Belgian doctors want the power to decide when their patients should die for the common good.
Rod Dreher of American Conservative reported that Dr. Jean-Marie Vincent, head of a national society of intensive care doctors, wants a license to kill, so to speak. Doctors need the power, Vincent says, to kill off a patient whose "life quality has become too poor."
Vincent goes on to say that the first priority of doctors lies in restoring health, not prolonging life at all costs. Even if the patient and the family does not consent, doctors must have the right to flip the switch of life and end it.
Dreher describes the doctor as "ghoulish," but an English writer of a century ago may have described him better.

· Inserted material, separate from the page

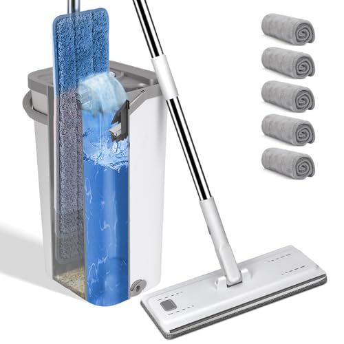 Masthome Golvmopp set med hink, platt mopp och rengöringshink, set med mikrofibermopp för våt- och torranvändning med 5 moppkuddar, golvtorkare med urvridningsfunktion för alla typer av golv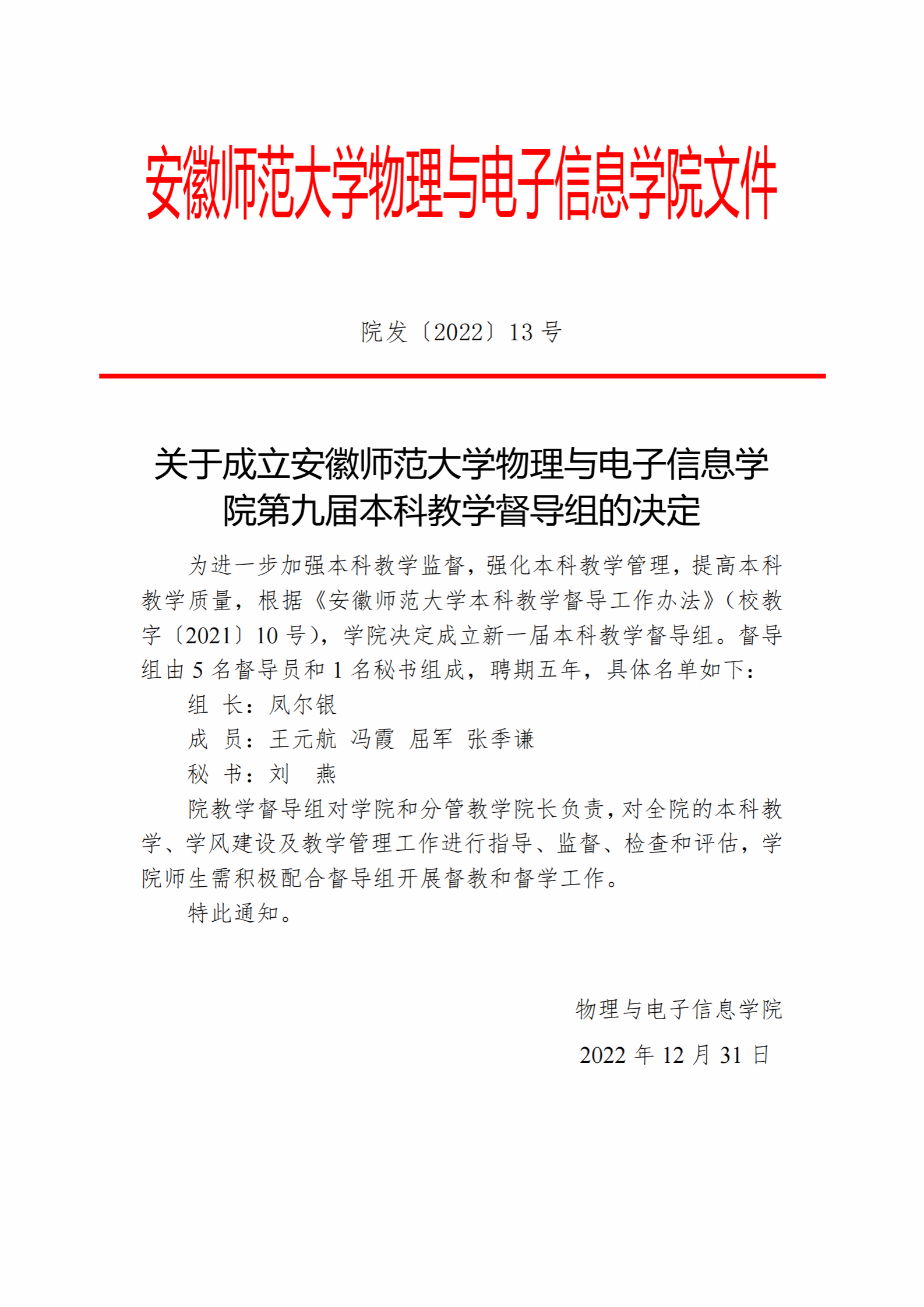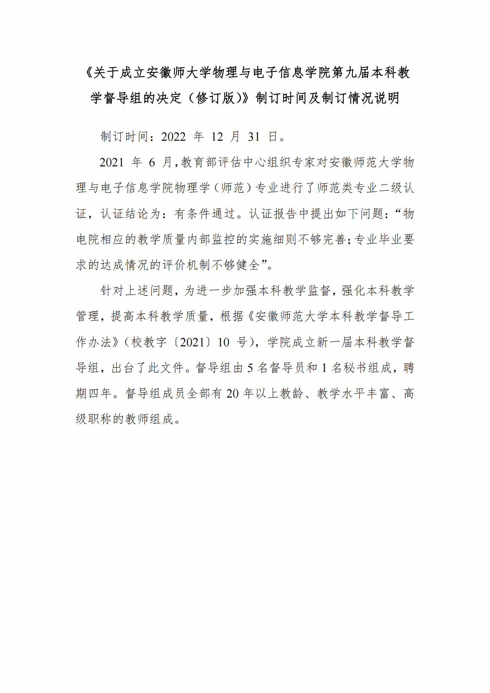《关于成立安徽师大学必赢线路检测3003no1第九届本科教学督导组的决定(修订版)》及制订情况说明

Joseph Conrad described in his book The Secret Agent a character called "The Professor." This man dreamt of a world "where the weak would be taken in hand for utter extermination . . . Exterminate! Exterminate! That is the only way of progress . . . First the blind, then the deaf and dumb, then the halt and the lame - and so on."
Conrad's "Professor," an ardent terrorist, is an archetype not only for countless dystopian productions, such as "Soylent Green," but also speaks the underlying philosophy of some of the most horrible plans of science. We remember the horror of the Nazis, not so much the eugenics movement of the pre World War II era.
Humanity has no capacity to rationally decide when another person has "quality of life" or not. What term could be more subjective? Yet the term gets thrown out there almost casually no matter what the stakes. Almost every person has the instinct and drive to continue life, even in a state that others may consider wretched. When comfortable middle class doctors get the power to make such decisions, tragedy will result.